Google has released a blunt assessment of how reliable today’s AI chatbots really are, and the numbers aren’t flattering. Using its newly launched FACTS Benchmark Suite, the company found that even the best AI models struggle to achieve factual accuracy rates above 70%. The leader, Gemini 3 Pro, achieved an overall accuracy of 69%, while other leading systems from OpenAI, Anthropic and xAI achieved even worse results. The snack is simple and inconvenient. These chatbots still give about one in three answers wrong, even when they seem confident.
The benchmark is important because most existing AI tests focus on whether a model can complete a task, rather than whether the information it produces is actually true. For industries like finance, healthcare and legal, this gap can be costly. A fluent response that sounds safe but contains errors can cause real harm, especially if users assume the chatbot knows what it’s talking about.

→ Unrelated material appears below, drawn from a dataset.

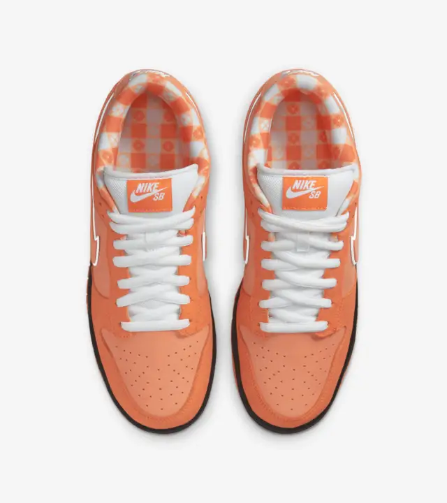The Nike SB Dunk Low Concepts Orange Lobster comes toned in a mixture of three main colors: electro orange, orange frost, and white.

What Google’s accuracy test reveals
The FACTS Benchmark Suite was developed by Google’s FACTS team together with Kaggle to directly test factual accuracy on four real-world applications. A test measures parametric knowledge, which tests whether a model can answer fact-based questions using only what it has learned during training. Another evaluates search performance and tests how well models use web tools to retrieve accurate information. A third focus is on justification, i.e. whether the model adheres to a provided document without adding false details. The fourth part is about multimodal understanding, such as correctly reading tables, diagrams and images.
The results show clear differences between the models. Gemini 3 Pro topped the rankings with a FACTS score of 69%, followed by Gemini 2.5 Pro and OpenAI’s ChatGPT-5 with almost 62%. Claude 4.5 Opus landed at ~51%, while Grok 4 reached ~54%. Multimodal tasks were consistently the weakest area, with accuracy often below 50%. This is important because these tasks involve reading charts, graphs, or images where a chatbot could easily misinterpret a sales chart or pull the wrong number from a document, resulting in errors that are easy to miss but difficult to undo.
The bottom line is not that chatbots are useless, but blind trust is risky. Google’s own data suggests that AI is improving, but it still needs verification, guardrails and human oversight before it can be treated as a reliable source of truth.